Sustainable Development at Anandam


Seeing Madhu’s persistence and her steadfast commitment that  turned Anandam into a cleaner place , the Management started to appreciate and support the idea of Anandam going green. They understood a Green Anandam . A Green Retirement Village, probably the first of its kind in India.  A green Anandam with a USP , an unique selling proposition.

Ramesh Harve a fellow resident who agreed to stay on the project as a consultant, Madhu Roy and Bhanu Gopalkrishnan chalked out a program of Sustainable Development, where development would happen in carefully thought out stages.

Development would span the phases, in a way that we would look after our needs in the here and now and not eat into the resources of tomorrow or future generations. They set SOPs to provide all the raw materials, to bring about an Ecologically Friendly Green Cool Anandam, planting sensibly with season and crop in mind.

The food waste after sorting, was used in composting.  The end product of composting was natural organic manure for the Tree planting campaign they initiated.

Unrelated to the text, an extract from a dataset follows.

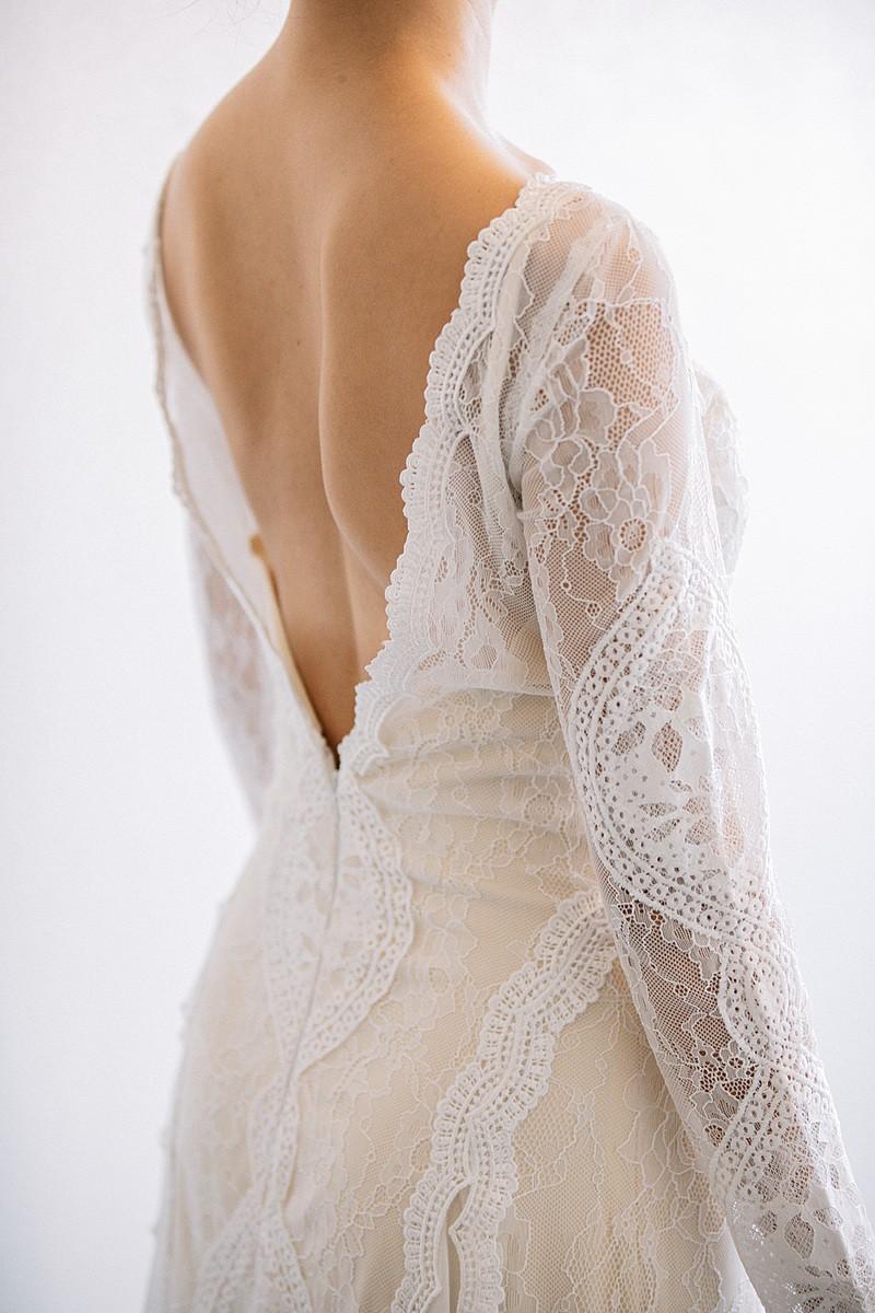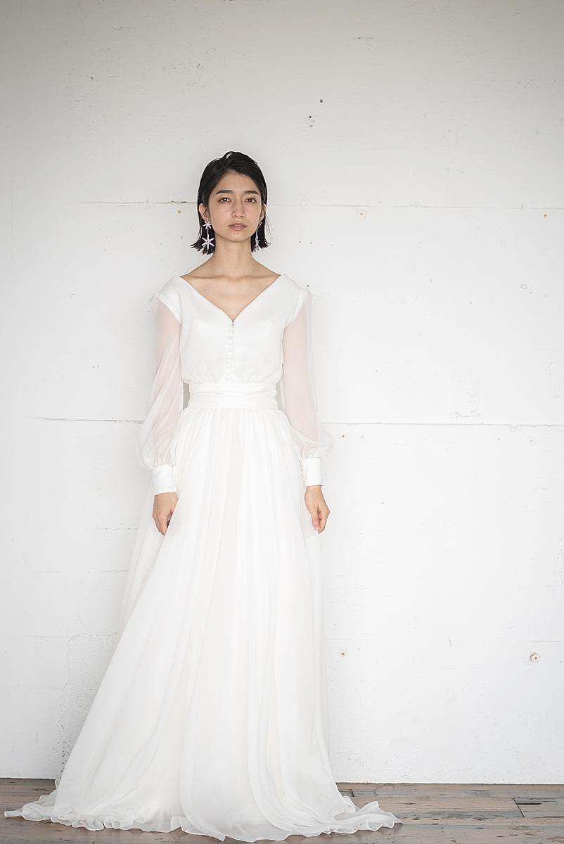 ゆるやかに膨らみを持たせたスリーブは、ナチュラルでリラクシーな空気感を漂わせつつ、動きに合わせて軽やかに揺れ、花嫁を柔らかく包み込みます。
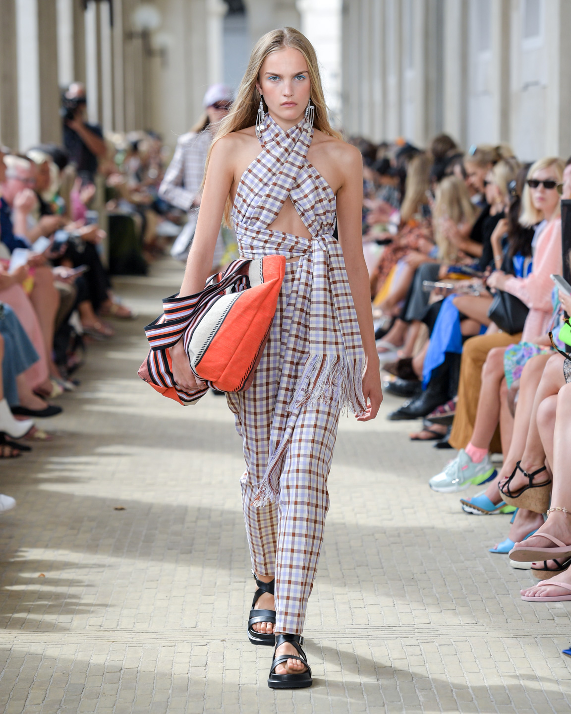 Am Donnerstagmittag lud Lala Berlin in die Außenanlagen des Schlosses von Christiansborg, um ihre Spring Summer 2020 Kreationen zu präsentieren. Für die Kollektion, die unter dem Titel „Lala Island“ steht, setzte Leyla Piedayesh vor allem auf Patchwork aus verschiedensten Musterungen und Farben, die sich letztlich wieder zu einem Ganzen fügen – ein Aspekt, mit dem die Designerin die Verschmelzung verschiedenster Kulturen symbolisieren möchte. Und trotz der schweren Thematik zieht sich eine Leichtigkeit durch die Kollektion, die durch die fließenden Stoffe und lockeren Schnitte der Maxikleider und langen Hosen getragen wird. Immer wieder werden auch Blazer in karierten, lilafarbenen und verzierten Ausführungen präsentiert. An den Füßen trugen die Models meist derbe, schwarze Sandalen, die den filigranen Entwürfen einen Bruch entgegenbrachten und einmal mehr bewiesen, dass vermeintlich Unterschiedliches doch ganz wunderbar zusammen passt.

The compost would be used as manure to fertilise the organic vegetable garden they started, to grow healthy organic vegetables. The same organic vegetables that informed city dwellers in a Metro buy, at a premium, from Elite Departmental Stores.

The compost site was not a traditional open hole that swallowed food waste and cowdung to decompose into organic manure. The composting was done in a novel aerobic way , a brainchild of Ramesh Harve, that eliminated any unpleasant odour, the smells that attracted flies.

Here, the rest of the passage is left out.